To a large measure, treatment of patients with AD is supportive, and this entails what often amounts to enormous efforts on the part of family caregivers in the home. The provision of emotional support and supervision, the overseeing of guided activities meant to sustain quality of life and minimize frustration, and assistance, ultimately, with the most basic elements of daily life such as feeding, clothing, and bathing, frequently results in caregiver burnout and nursing home placement as the disease advances toward the terminal stages. The human and economic toll of AD demands improvements in the standard of medical care.
TGF-β1 has been demonstrated to protect neurons against various toxins and injurious agents in cell culture and in vivo. Astroglial over-expression of TGF-β1 in transgenic mice protected against neurodegeneration induced with acute neurotoxin kainic acid or associated with chronic lack of apolipoprotein E expression (Brionne et al., (2003) Neuron 40: 1133-1145). It has been demonstrated that TGF-β1 protects neurons from excitotoxic death (Boche et al., (2003) J. Cereb. Blood Flow Metab. 23: 1174-1182).
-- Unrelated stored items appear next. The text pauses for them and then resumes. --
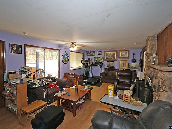 Surrounded by a beautiful wooded setting. This one level home features 5 bedrooms and 2 baths. Kitchen with huge DR and 2 pantries. Living room with Rock fireplace. Home is on Advantex Septic System. 30x60 shop/out building has 3 more bathrooms as well as partitioned walls, power, heat, metal roof, and separate standard septic, structural posts appear to run on center. Some divided rooms are pre framed areas, perfect get away for kids or adults!Portion of acreage across Annie Ln see acc Docs for Plat Map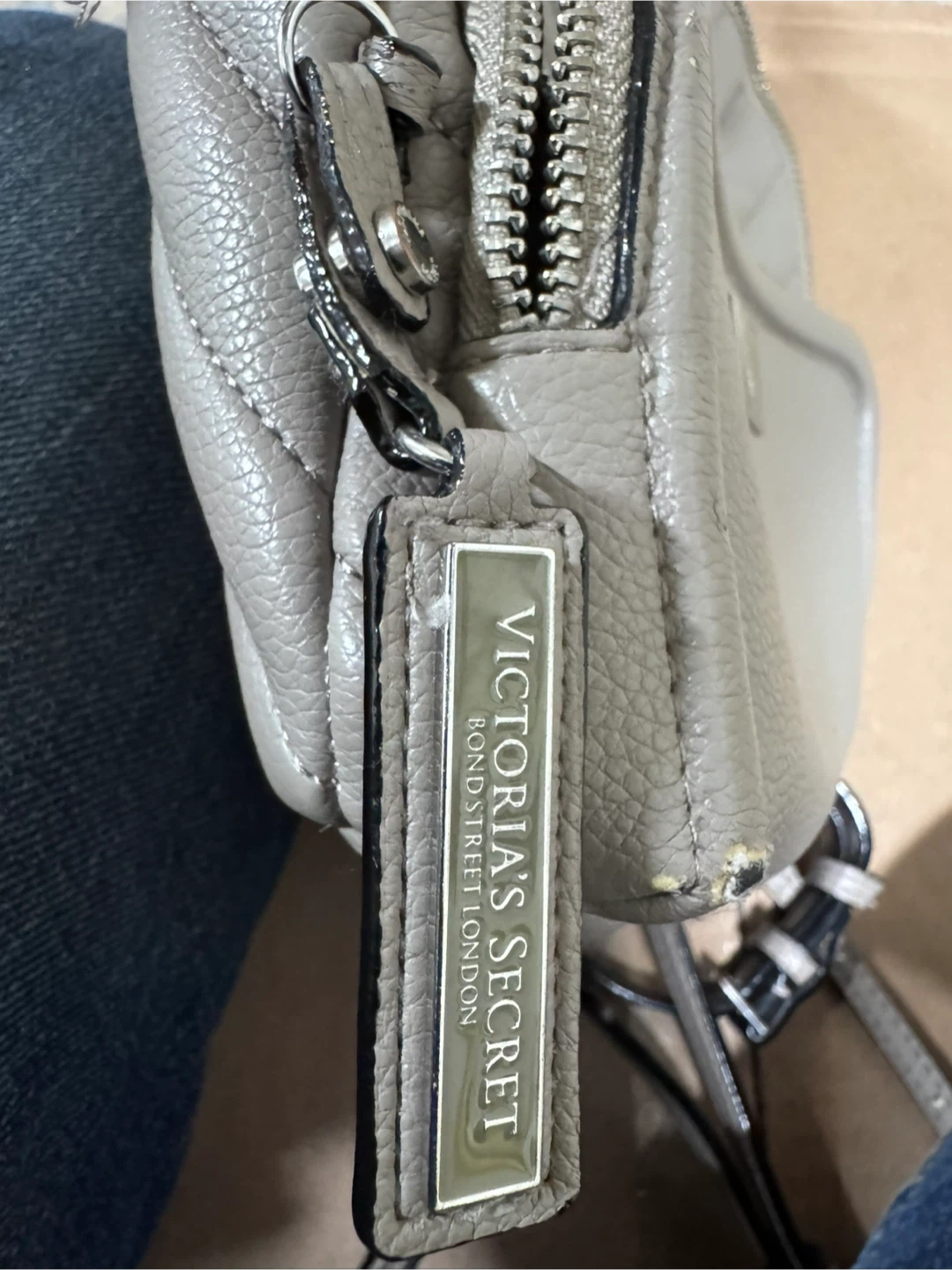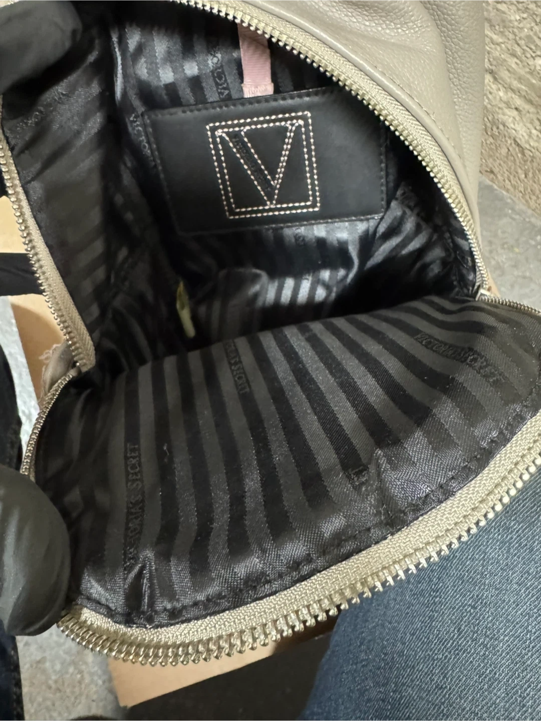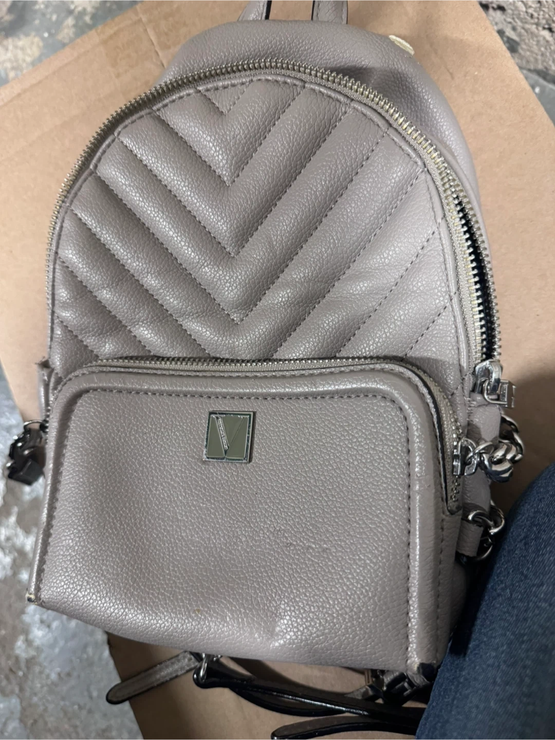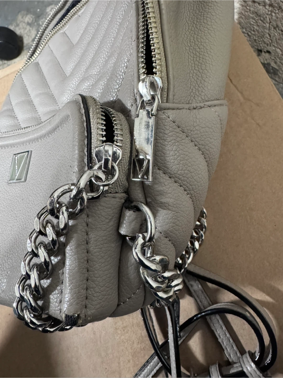 Stylish gray mini backpack from Victoria's Secret. It's made of faux leather with a chevron quilted pattern. Features a front zip pocket and adjustable straps.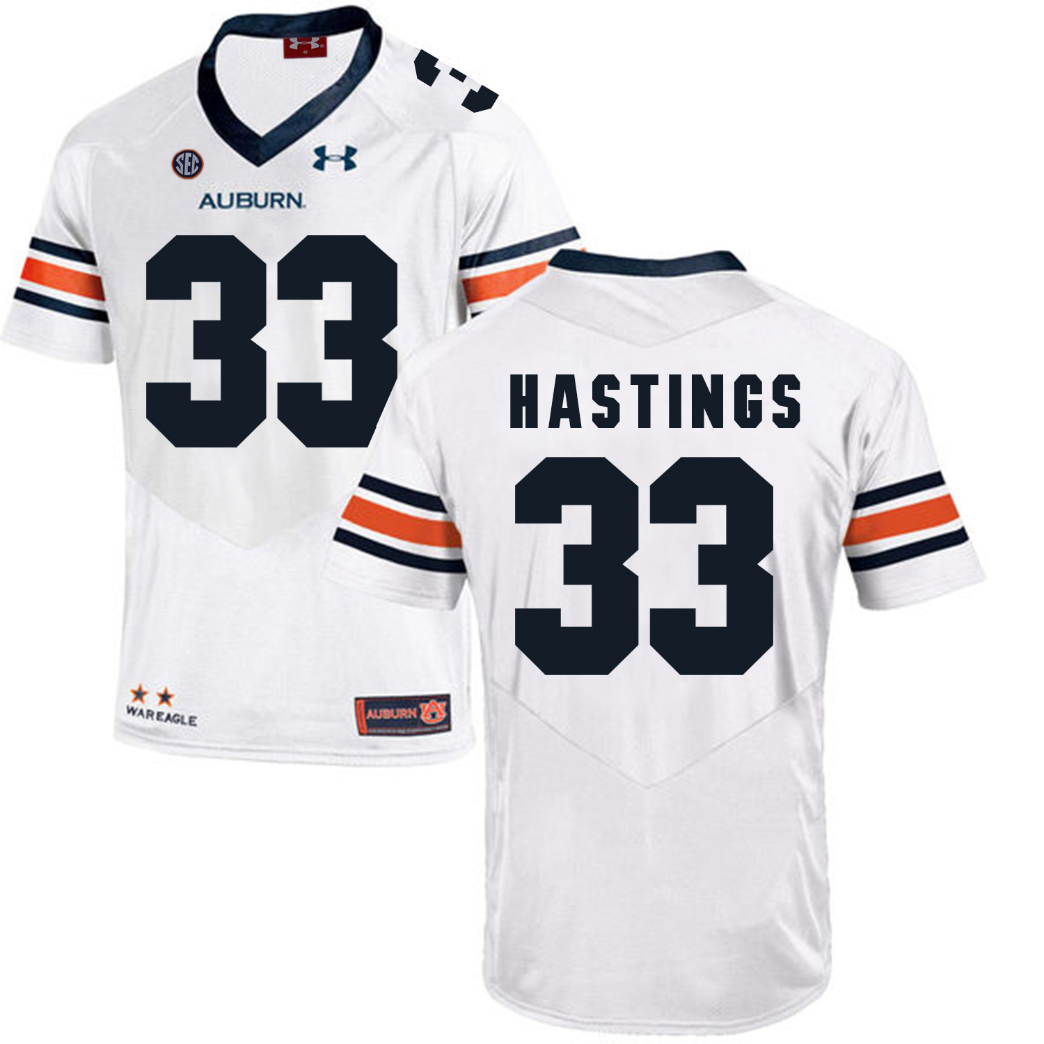 Celebrate your football fandom with this ncaa football jersey ! This Auburn Tigers Under Armour #33 Will Hastings Football Jersey White is available in various size men, women and youth and features a combination of stitched-embroidery. You’ll look just like your favorite ncaa football players when you rock this ncaa football jersey!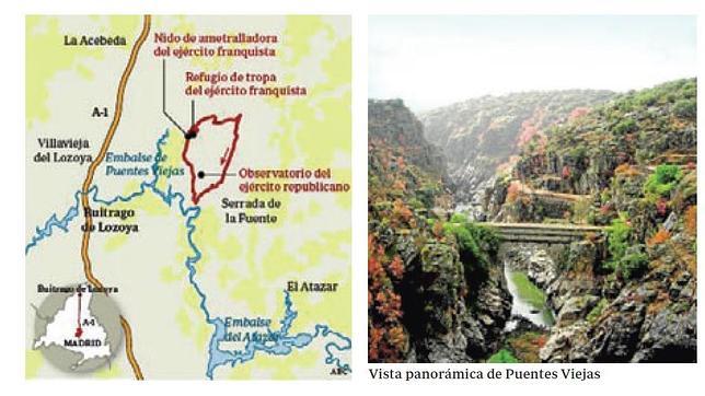 ABC Esta excursión de dos horas y cuarto (unos 8 kilómetros) recorre una ruta acondicionada por la Dirección General de Patrimonio de la Comunidad de Madrid para incluir en el plan de yacimientos visitables la zona fortificada del denominado Frente del Agua, que tuvo una gran importancia estratégica, dado que su control permitía el acceso al abastecimiento de agua de los dos principales embalses que surtían a la capital: Puentes Viejas y El Villar. El itinerario recorre varios vestigios de la batalla como son los nidos de ametralladoras.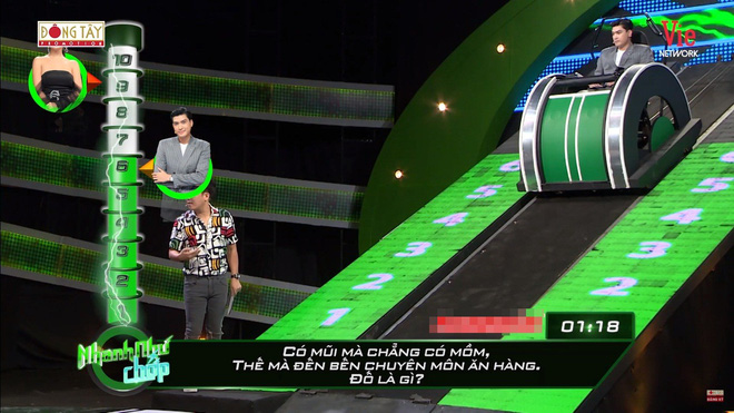 Trường Giang vẫn nghiêm khắc: "Ở đây có MC nhắc câu hỏi rồi. Muốn nhắc câu hỏi thì lên làm MC". Anh rất ít khi tỏ thái độ như vậy trên truyền hình.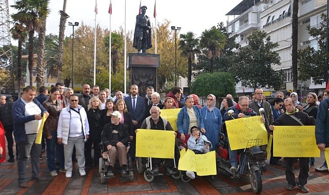 Aydın'ın Nazilli ilçesinde gerçekleştirilen Engelliler Günü etkinliğinde, Gazze'de engelli olmaya dikkat çekilirken, törende duygusal anlar yaşandı.Aydın'ın Nazilli ilçesinde Bedensel Engelliler Derneği (NBED), Engelsiz Engelliler Derneği ve Engelliler ve Engellilere Destek Derneği (NAZENDER), 3 Aralık Dünya Engelliler Günü nedeniyle ilk olarak belediye ardından İstasyon meydanında bir program gerçekleştirdi. Program kapsamında ilk olarak Belediye Meydanı'nda dernek üyeleriyle bir araya gelen dernek başkanları, "Gazze'de engelli olmak" başlıklı anlamlı ve duygusal bir basın açıklaması yaptı. Nazilli Engelliler ve Engellilere Destek Derneği (NAZENDER) Başkanı Tayfun Yazıcı; "Savaşa karşıyız, çünkü her bombada yüzlerce yeni engelli katılıyor dünya nüfusuna. Gazze'de İsrail bombardımanı altında engelsiz bireyler için bile çok zor şartlar varken, engellilerin durumu çok daha vahim. Tekerlekli sandalye ve değişik aparatlar kullanan engelliler bırakın kaçmayı bir kaç metre gidemiyor. Çalışmayan asansörler nedeniyle engelliler bombardımanlarda binaları terk edemedikleri için, zihinsel engelliler de yıkıntıların altında nerede olduklarını bildiremedikleri için hayatlarını kaybediyorlar. Türkiye dahil komşu ülkeler, hastalarla birlikte engellilerin de bir an önce o bölgeden çıkarılması için girişimlerde bulunmalıdırlar. Dünya nüfusuna her gün yeni engelliler katan İsrail'i, NAZENDER ve Nazillili engelliler olarak kınıyoruz. Savaşların olmadığı engelsiz bir dünya diliyoruz" dedi.Basın açıklamasının ardından Nazilli İstasyon Meydanı'nda 3 Aralık Dünya Engelliler Günü dolayısıyla Atatürk Anıtı önünde çelenk koyma töreni gerçekleştirildi. Nazilli'de 3 Aralık Dünya Engelliler Günü dolayısıyla İstasyon Meydanı'ndaki Atatürk Anıtı'na engelli derneklerinin çelenk koyması ile başladı. İstasyon Meydanı'ndaki törene Belediye Başkan Vekili Ali Ertürk, NAZENDER Başkanı Tayfun Yazıcı, NBED Başkanı Ali Köse, Engelsiz Engelliler Dernek Başkanı Ahmet Ünlü, meclis üyeleri, siyasi partilerin ilçe temsilcileri, özel eğitim ve rehabilitasyon okullarının yöneticileri, çok sayıda engelliler ve vatandaşlar katıldı.Nazilli İstasyon Meydanı'nda yapılan törende Engelsiz Engelliler, NAZENDER, NBED derneklerinin çelenkleri Atatürk Anıtı'na kondu. Ardından tören saygı duruşu ve İstiklal Marşının okunmasının ardından sona erdi. Son olarak günün hatırası olarak bir toplu fotoğraf çekildi. Akşamüstü ise Nazilli Bedensel Engelliler Derneği önünde ebediyete göçmüş engelliler ve şehitler için mevlidi şerif okutuldu ve hayır dağıtıldı.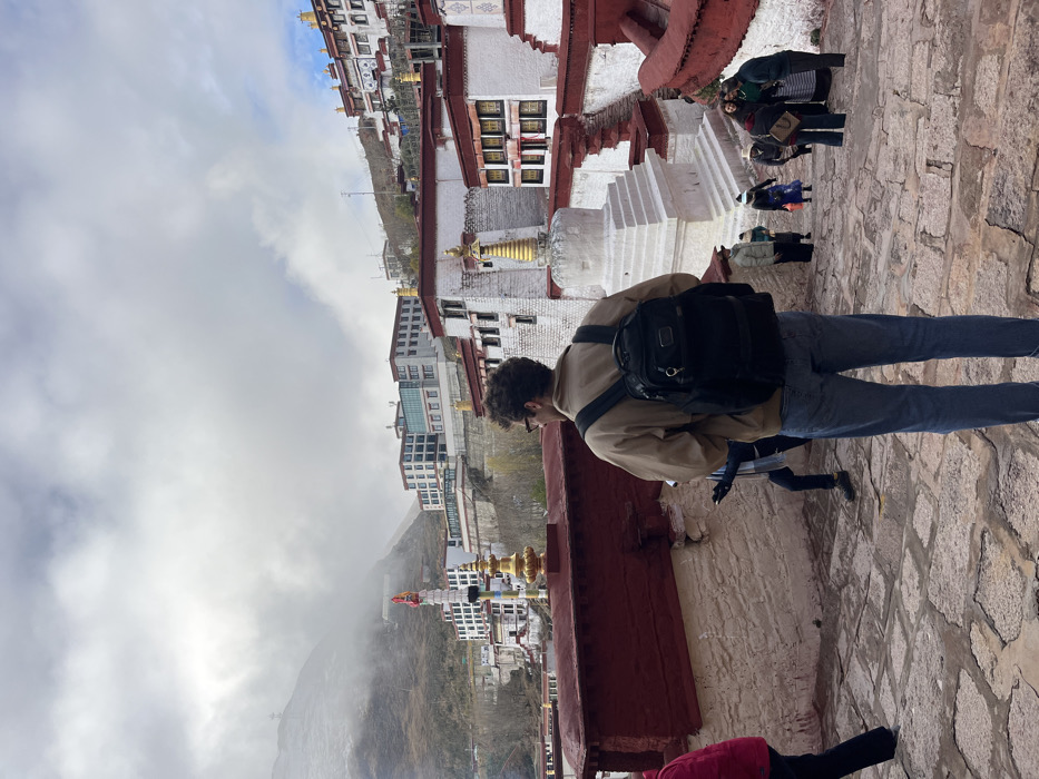 - "The image displays an outdoor scene within a Tibetan Buddhist monastic complex situated on a hillside in Lhasa, China, under an overcast sky" by FM-VYYYD2, licensed under CC BY 4.0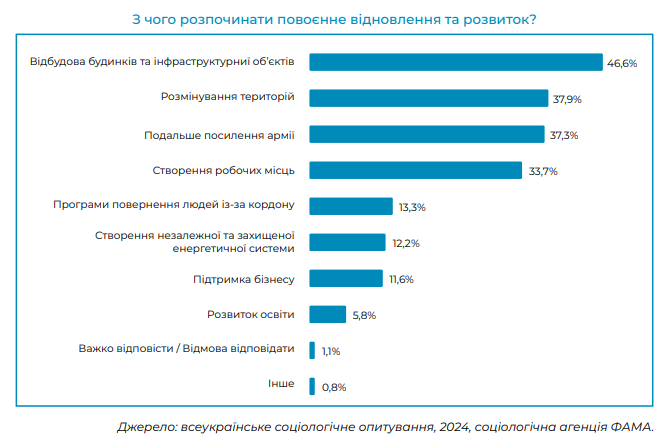 Опитані українці вважають, що повоєнну відбудову і розвиток України необхідно розпочинати з відбудови будинків та інфраструктурних об’єктів.
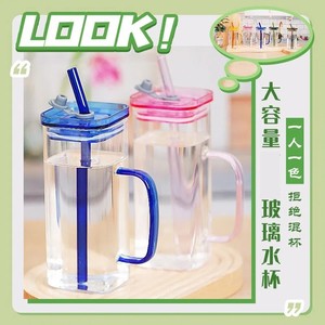 カラーハンドル単層ガラスストローカップ家庭用大容量ストローと蓋付き飲料花茶飲料単層カップ

Several mechanisms have been postulated to explain how TGF-β1 protects neurons. For example, TGF-β1 decreases Bad, a pro-apoptotic member of the Bcl-2 family, and contributes to the phosphorylation and inactivation, of Bad by activation of the Erk/MAP kinase pathway. TGF-β1, however, also increases production of the anti-apoptotic protein Bcl-2. TGF-β1 has also been shown to synergize with neurotrophins and/or be necessary for at least some of the effects of a number of important growth factors for neurons, including neurotrophins, fibroblast growth factor-2, and glial cell-line derived neurotrophic factor (Unsicker & Krieglstein (2002) Adv. Exp Med. Biol. 513: 353-74; Unsicker & Krieglstein (2000) Cytokine Growth Factor Rev. 11: 97-102). In addition, TGF-β1 increases laminin expression and is necessary for normal laminin protein levels in the brain. It is also possible that TGF-β1 decreases inflammation in the infarction area, attenuating secondary neuronal damage.
TGF-β1 transgenic mice over-expressing a secreted, constitutively-active form of TGF-β1 in astrocytes at modest levels develop age-related cerebrovascular abnormalities including thickening of the capillary basement membrane and cerebrovascular amyloid deposition. Nevertheless, these mice have better cognitive function than non-transgenic controls. Similar microvascular abnormalities are typical for AD and consistent with the observation that TGF-β1 mRNA levels in brains of AD cases correlate positively with vascular amyloid deposition.
TGF-β1 transgenic mice cross-bred with human amyloid precursor (hAPP) transgenic mice, develop synaptic degeneration and amyloid plaques in the brain parenchyma. Unexpectedly, a prominent reduction in plaque formation and overall Aβ accumulation was found in hAPP/TGF-β1 double transgenic compared with hAPP mice. Most of the remaining amyloid accumulated around cerebral blood vessels.
Increased levels of TGF-β1 reduced the number of plaques in human amyloid precursor protein (hAPP) mice by 75% and overall Aβ levels by 60%, compared to mice with normal levels of TGF-β1. Interestingly, TGF-β1 stimulated microglial cells to degrade synthetic Aβ peptide in culture. Because TGF-β1 also caused an activation of microglia in hAPP/TGF-β1 mice, these data suggest that at least some of the effects of TGF-β1 involve the activation of microglial phagocytosis. The need remains for more effective pharmaceutical compounds for treating and preventing stroke, heart disease, bone loss, cancer, multiple sclerosis, wound healing, inflammation, and neurodegenerative disorders, especially, but not limited to, Alzheimer's disease.